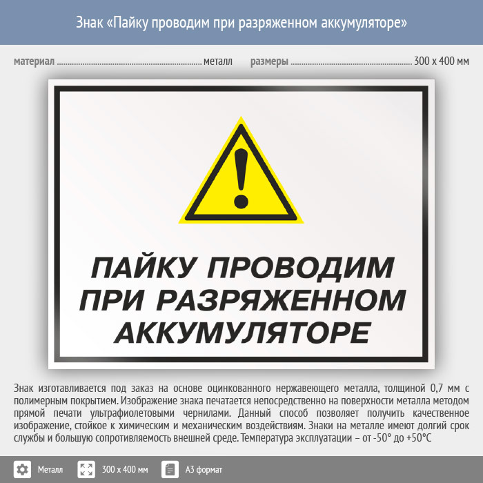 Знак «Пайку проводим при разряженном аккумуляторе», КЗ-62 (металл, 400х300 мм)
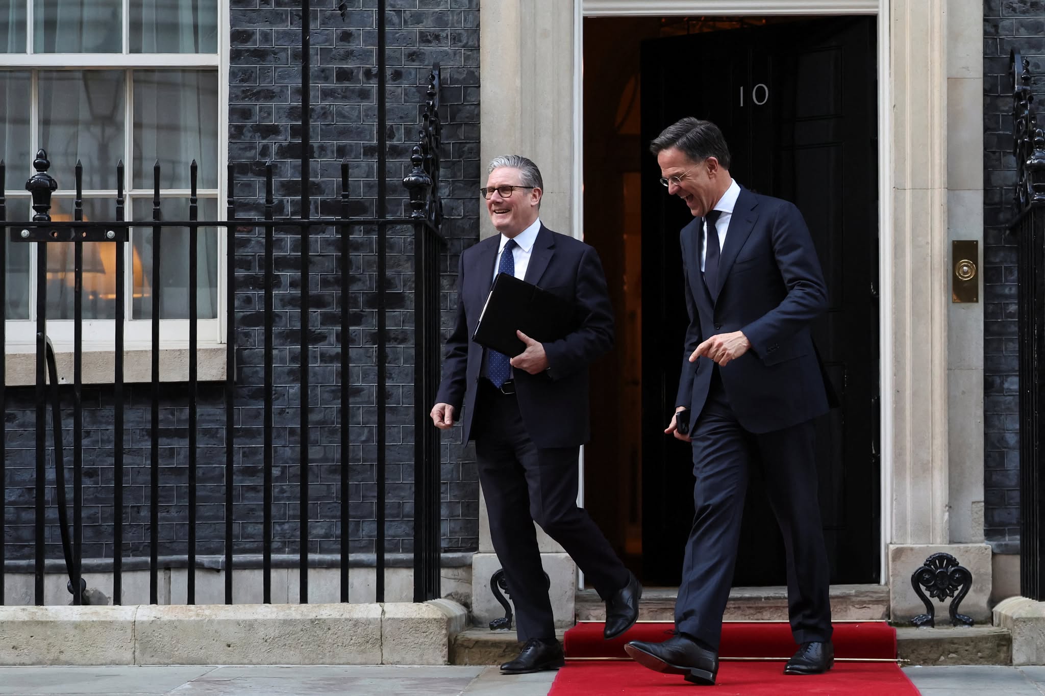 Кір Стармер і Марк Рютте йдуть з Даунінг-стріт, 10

==

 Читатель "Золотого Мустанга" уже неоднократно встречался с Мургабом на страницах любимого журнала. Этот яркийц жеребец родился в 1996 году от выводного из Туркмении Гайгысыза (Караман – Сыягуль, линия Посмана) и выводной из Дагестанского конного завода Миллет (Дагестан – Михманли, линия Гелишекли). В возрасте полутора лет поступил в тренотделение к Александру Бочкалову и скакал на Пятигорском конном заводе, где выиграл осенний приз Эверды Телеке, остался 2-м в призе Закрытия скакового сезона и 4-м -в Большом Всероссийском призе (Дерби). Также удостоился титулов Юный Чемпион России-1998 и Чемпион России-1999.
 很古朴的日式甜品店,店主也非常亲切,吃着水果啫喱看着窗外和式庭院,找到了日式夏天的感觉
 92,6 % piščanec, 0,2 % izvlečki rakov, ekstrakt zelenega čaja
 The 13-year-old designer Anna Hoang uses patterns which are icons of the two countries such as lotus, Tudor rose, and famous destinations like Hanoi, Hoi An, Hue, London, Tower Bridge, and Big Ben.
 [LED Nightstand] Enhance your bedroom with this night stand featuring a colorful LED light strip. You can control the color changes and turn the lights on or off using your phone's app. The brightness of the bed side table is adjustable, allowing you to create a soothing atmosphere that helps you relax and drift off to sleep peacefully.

...

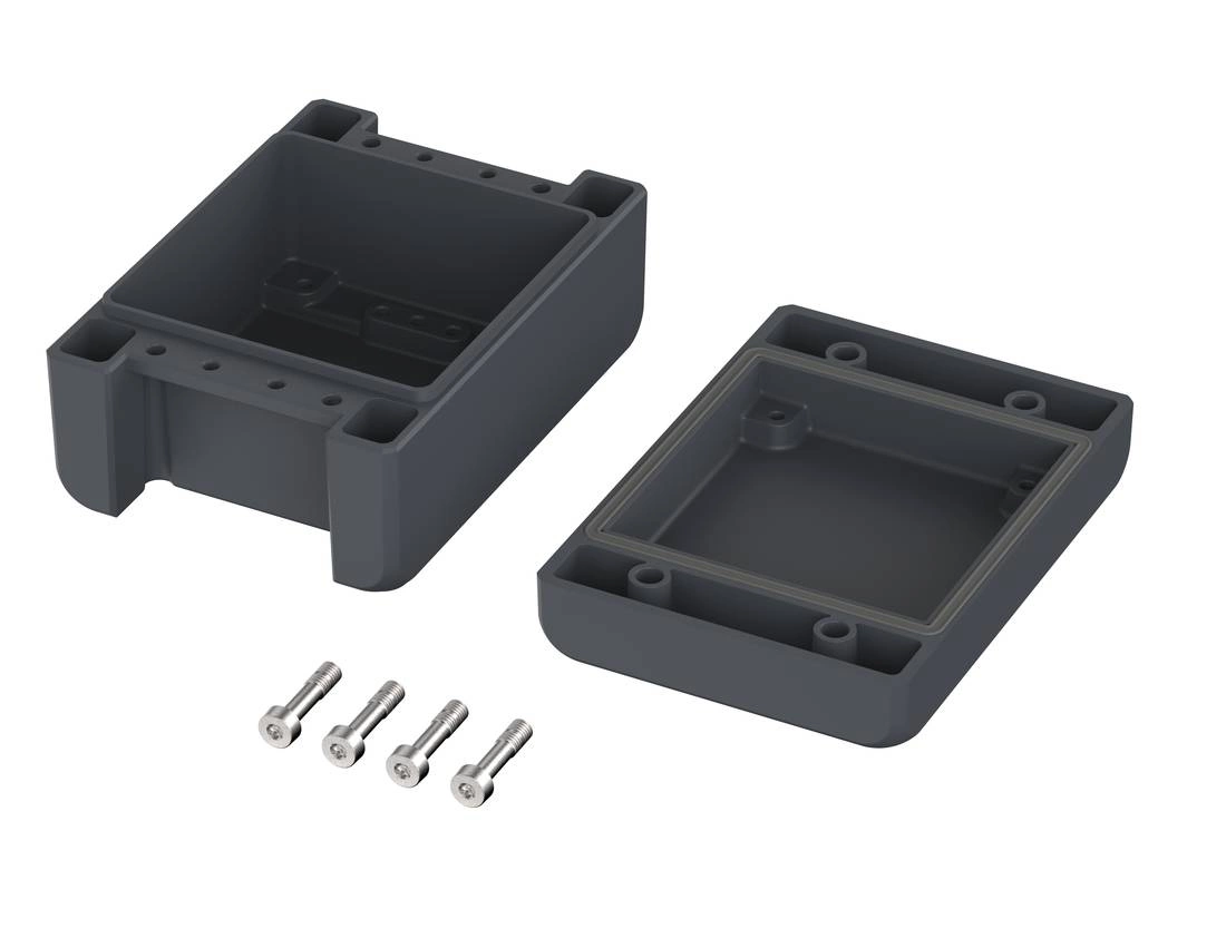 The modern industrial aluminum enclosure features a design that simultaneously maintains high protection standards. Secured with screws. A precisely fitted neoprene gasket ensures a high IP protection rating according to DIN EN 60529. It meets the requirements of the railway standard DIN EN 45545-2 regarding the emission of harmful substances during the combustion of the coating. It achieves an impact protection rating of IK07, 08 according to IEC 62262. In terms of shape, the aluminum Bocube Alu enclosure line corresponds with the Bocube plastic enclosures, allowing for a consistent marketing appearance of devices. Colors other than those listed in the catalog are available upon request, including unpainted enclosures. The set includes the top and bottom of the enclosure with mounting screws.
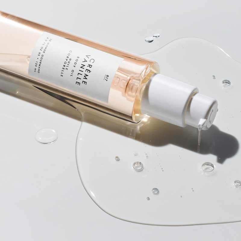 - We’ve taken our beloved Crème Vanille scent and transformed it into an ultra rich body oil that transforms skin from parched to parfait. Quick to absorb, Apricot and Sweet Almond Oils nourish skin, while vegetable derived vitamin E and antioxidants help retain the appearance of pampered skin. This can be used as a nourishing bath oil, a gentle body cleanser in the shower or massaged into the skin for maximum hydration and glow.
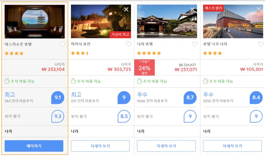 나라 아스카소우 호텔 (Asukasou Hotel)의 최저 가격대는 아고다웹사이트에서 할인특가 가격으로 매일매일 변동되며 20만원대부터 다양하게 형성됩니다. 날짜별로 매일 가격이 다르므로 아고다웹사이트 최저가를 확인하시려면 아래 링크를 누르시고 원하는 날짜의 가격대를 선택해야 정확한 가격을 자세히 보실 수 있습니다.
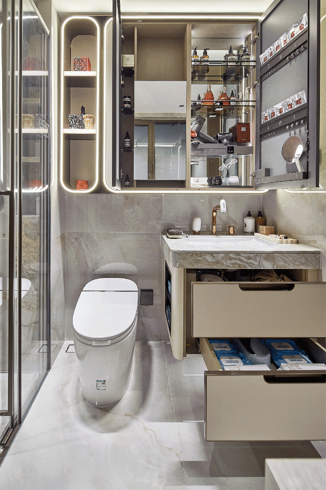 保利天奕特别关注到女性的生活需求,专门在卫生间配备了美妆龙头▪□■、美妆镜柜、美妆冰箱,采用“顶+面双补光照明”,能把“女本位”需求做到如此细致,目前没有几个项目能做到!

(THE PROBLEM) Look above for the line with "나라 아스카소우 호텔", then print it and each line after it down to and including the line with "保利天奕特别关注到女性的生活". Leave out the pictures and keep the wording exact.

(RESULT OF THIS EXERCISE)
 나라 아스카소우 호텔 (Asukasou Hotel)의 최저 가격대는 아고다웹사이트에서 할인특가 가격으로 매일매일 변동되며 20만원대부터 다양하게 형성됩니다. 날짜별로 매일 가격이 다르므로 아고다웹사이트 최저가를 확인하시려면 아래 링크를 누르시고 원하는 날짜의 가격대를 선택해야 정확한 가격을 자세히 보실 수 있습니다.
 保利天奕特别关注到女性的生活需求,专门在卫生间配备了美妆龙头▪□■、美妆镜柜、美妆冰箱,采用“顶+面双补光照明”,能把“女本位”需求做到如此细致,目前没有几个项目能做到!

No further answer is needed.